Saturday morning hacks: Adding full-text search to the flask note-taking app
In this post we will use SQLite's full-text search extension to improve the search feature.
To recap, the note-taking app provides a lightweight interface for storing markdown-formatted notes. Because I frequently find myself wanting to take notes on the spur of the moment, the note-taking app needed to be very mobile-friendly. By using twitter bootstrap and a hefty dose of JavaScript, we made an app that matches our spec and manages to look good doing it!
In part 2, we added email reminders and check-able task lists to the note-taking app. We also converted the backend to use flask-peewee's REST API extension, which made it easy to add pagination and search. And that is how I've left it for the last three months or so.
Below is a screenshot of the latest version of the notes app. The UI is much cleaner thanks to a stylesheet from bootswatch. The bootswatch stylesheet works as a drop-in replacement for the default bootstrap CSS file.
All together, the note-taking app has the following features:
- Flexible pinterest-style tiled layout that looks great on a variety of screen sizes.
- Easy to create notes and reminders from the phone.
- Notes support markdown and there is also a simple WYSIWYM markdown editing toolbar.
- Links are converted to rich media objects where possible (e.g. a YouTube URL becomes an embedded player).
- To-do lists (or task lists) can be embedded in notes.
- Email reminders can be scheduled for a given note.
- Simple full-text search.
- Pagination.
You can browse or download the finished code from part 2 in this gist. If you're in a hurry, you can find all the code from this post in this gist.
In case you were curious, I've been using the notes app for things like:
- Bookmarking interesting sites to read later.
- Creating short to-do lists or writing down particular items to get from the store, etc.
- Writing down interesting dreams or ideas I get in the middle of the night.
- Appointment reminders, reminders to call people, etc.
- Saving funny cat pics.
- Writing down ideas for programming projects.
- Saving code snippets or useful commands.
Adding full-text search
In this installment, we'll be using SQLite's full-text search (FTS) extension to dramatically improve the search result quality. Besides giving us better results, SQLite's FTS extension supports boolean-type search expressions as well as custom constructs like NEAR. A full list of supported queries can be found in the SQLite documentation. Most importantly, by using full-text search we are now able to sort our search results by match quality. For a detailed write-up on using SQLite's FTS with Python, check out this post.
To use the FTS extension, we need to create a special table called a virtual table. Virtual tables are meta-tables that present a high-level interface for working with special extension data. The FTS virtual table allows us to store search content, and behind-the-scenes several hidden tables will be created to store the actual search data-structures. The peewee playhouse Sqlite extension provides a model sub-class designed for working with virtual tables, and more specifically, a virtual model subclass for the FTS extension.
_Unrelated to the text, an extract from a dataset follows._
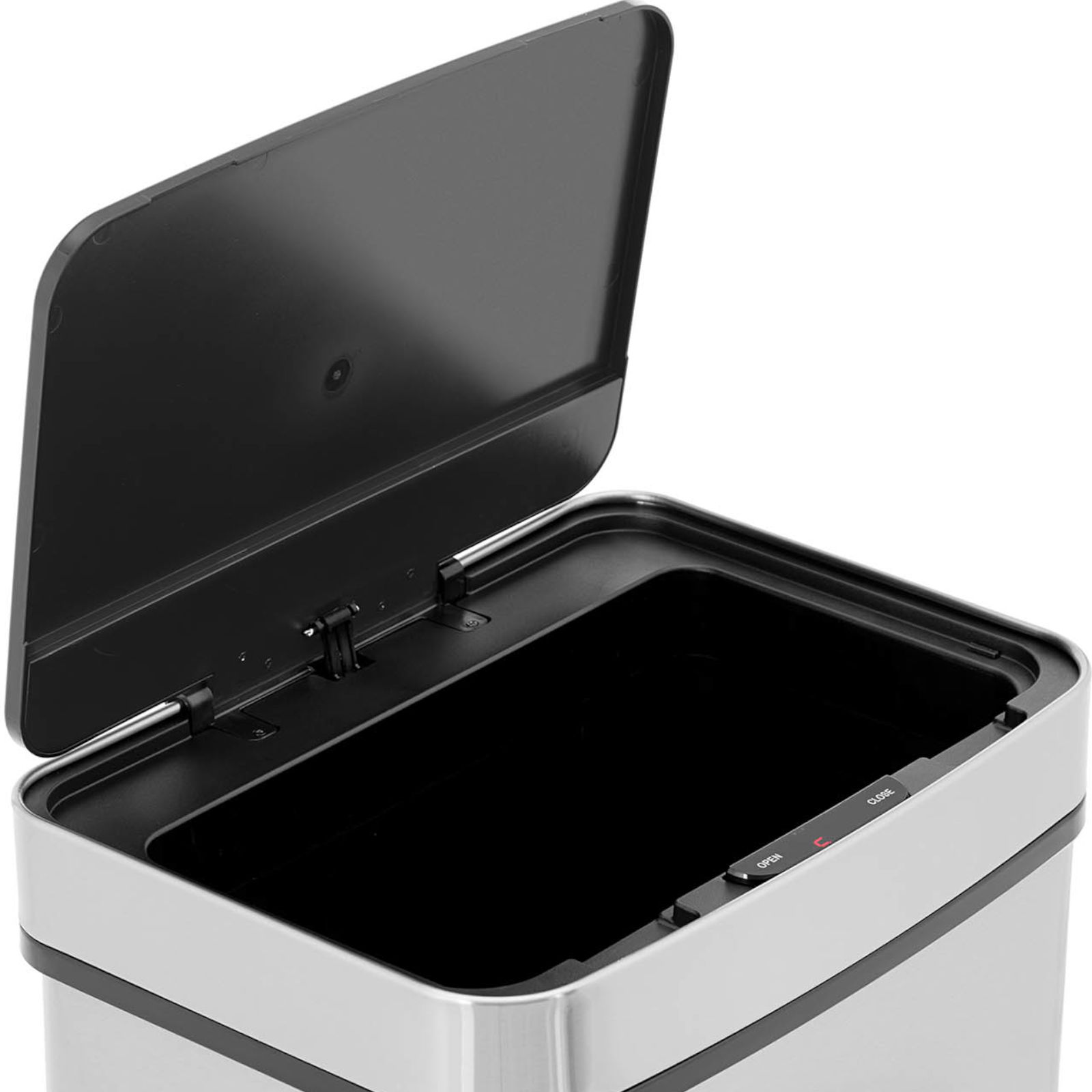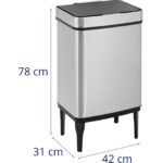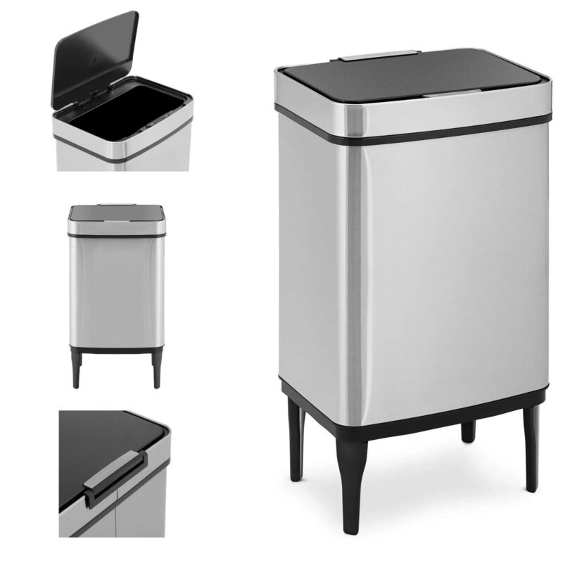Kosz marki Fromm & Starck sprawdzi się w kuchniach, biurach czy salach konferencyjnych. Jego pojemność wynosi 45 l. Kosz zachwyca eleganckim wyglądem. Wykonany został ze stali nierdzewnej, jest niewrażliwy na odciski palców. Pokrywa skutecznie zasłania odpadki oraz zapobiega rozprzestrzenianiu się nieprzyjemnych zapachów. Przycisk czujnika pozwala wygodnie otworzyć/zamykać kosz na śmieci. Otwór o wymiarach 39 x 26 cm ułatwia usuwanie odpadów. Worek na śmieci mocowany jest w kilku prostych krokach za pomocą uchwytu wewnątrz wiadra. Automatyczne zamykanie zasilane jest 6 bateriami AA (brak w zestawie), alternatywnie kosz można otworzyć i zamknąć ręcznie.

So without further ado, let's get started!
Sqlite extension database
The first step is to replace our peewee database class, swapping out the default SqliteDatabase
for the playhouse's SqliteExtDatabase
, which provides support for virtual tables.
Open app.py
and add the following import to the top of the module below the peewee
import:
from playhouse.sqlite_ext import SqliteExtDatabase
Below you will find the database declaration. We will replace the original declaration with the following:
db = SqliteExtDatabase(app.config['DATABASE'], pragmas=[('journal_mode', 'wal')])
Now that we have updated our database class, we can start using the FTS extension in our peewee code.
Indexing notes for full-text search
In order to search our notes, we need to create a separate model to store the search content we wish to index. The playhouse.sqlite_ext module provides the FTSModel class which we will subclass to create the FTSNote
model. This model will store, along with the content for the search index, a pointer back to the note it references. Open models.py
and add the following model definition (the import goes at the top of the module):
# Place these imports at the top of the module.
import re
from playhouse.sqlite_ext import FTSModel
# The FTSNote class should go just below the Note class.
class FTSNote(FTSModel):
# Simple regex for stripping out any HTML tags.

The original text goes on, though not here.